**Problem to work on**
Pictures stay out of the copy; output exactly the lines from the one containing "F.] [immagine] |" through the end of the material.

**Raw data**
>>>>

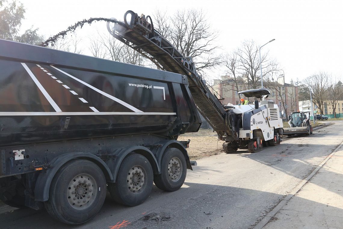 Na ulicy Skoczylasa wykonano I etap remontu na odcinku o długości około 100 mb. Roboty rozpoczęły się od frezowania zużytej, zniszczonej warstwy asfaltu. Kolejnym etapem było spryskanie nawierzchni emulsją asfaltową, która pełni funkcję warstwy wiążącej, poprawiającej przyczepność nowych warstw bitumicznych. Ułożona została wyrównawcza warstwa asfaltu, której zadaniem było zniwelowanie nierówności i nadanie nawierzchni odpowiedniego profilu i ponownie zastosowano skropienie emulsją asfaltową, co zapewniło właściwe połączenie kolejnych warstw. Następnie wykonano warstwę ścieralną, najbardziej eksploatowaną część nawierzchni. Na zakończenie prac przeprowadzono uszczelnienie krawędzi nowo ułożonej nawierzchni specjalną zalewą asfaltową, co zapobiega wnikaniu wody i zwiększa trwałość wykonanej naprawy.
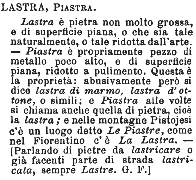 | Lastra, Piastra - Lastra è pietra non molto grossa, e di superficie piana, o che sia tale naturalmente, o tale ridotta dall'arte. - Piastra è propriamente pezzo di metallo poco alto, e di superficie piana, ridotto a pulimento. Questa è la proprietà: abusivamente però si dice lastra di marmo, lastra d'ottone, o simili; e Piastra alle volte si chiama anche quella di pietra, cioè la lastra; e nelle montagne Pistojesi c'è un luogo detto Le Piastre, come nel Fiorentino c'è La Lastra. - [Parlando di pietre da lastricare o già facenti parte di strada lastricata, sempre Lastre. G. F.] [immagine] |
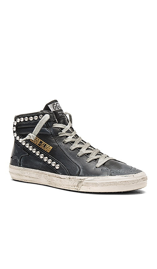 Leather upper with rubber sole. Side zip closure. Lace-up front. Raised stud accents. Intentionally distressed throughout. GGOR-WZ27. GWF00115.F000323.90100. From Italy to the skateparks of Los Angeles, Golden Goose has become a world-renowned high fashion brand for luxury sneakers. Hand crafted on premium Italian leather; Golden Goose has successfully combined the relaxed vintage aesthetic with their unique 'lived in' touch. Their signature pre-scuffed style (each distressed by hand) offers a nonchalant attitude that embodies 'perfect imperfection' for a touch of life, comfort and fashion forward designs. Color: Black Leather Studs. Shop Black Leather Studs High Top Sneakers for women and the latest Golden Goose shoes now.

<<<<

**Task response**
 | Lastra, Piastra - Lastra è pietra non molto grossa, e di superficie piana, o che sia tale naturalmente, o tale ridotta dall'arte. - Piastra è propriamente pezzo di metallo poco alto, e di superficie piana, ridotto a pulimento. Questa è la proprietà: abusivamente però si dice lastra di marmo, lastra d'ottone, o simili; e Piastra alle volte si chiama anche quella di pietra, cioè la lastra; e nelle montagne Pistojesi c'è un luogo detto Le Piastre, come nel Fiorentino c'è La Lastra. - [Parlando di pietre da lastricare o già facenti parte di strada lastricata, sempre Lastre. G. F.] [immagine] |
 Leather upper with rubber sole. Side zip closure. Lace-up front. Raised stud accents. Intentionally distressed throughout. GGOR-WZ27. GWF00115.F000323.90100. From Italy to the skateparks of Los Angeles, Golden Goose has become a world-renowned high fashion brand for luxury sneakers. Hand crafted on premium Italian leather; Golden Goose has successfully combined the relaxed vintage aesthetic with their unique 'lived in' touch. Their signature pre-scuffed style (each distressed by hand) offers a nonchalant attitude that embodies 'perfect imperfection' for a touch of life, comfort and fashion forward designs. Color: Black Leather Studs. Shop Black Leather Studs High Top Sneakers for women and the latest Golden Goose shoes now.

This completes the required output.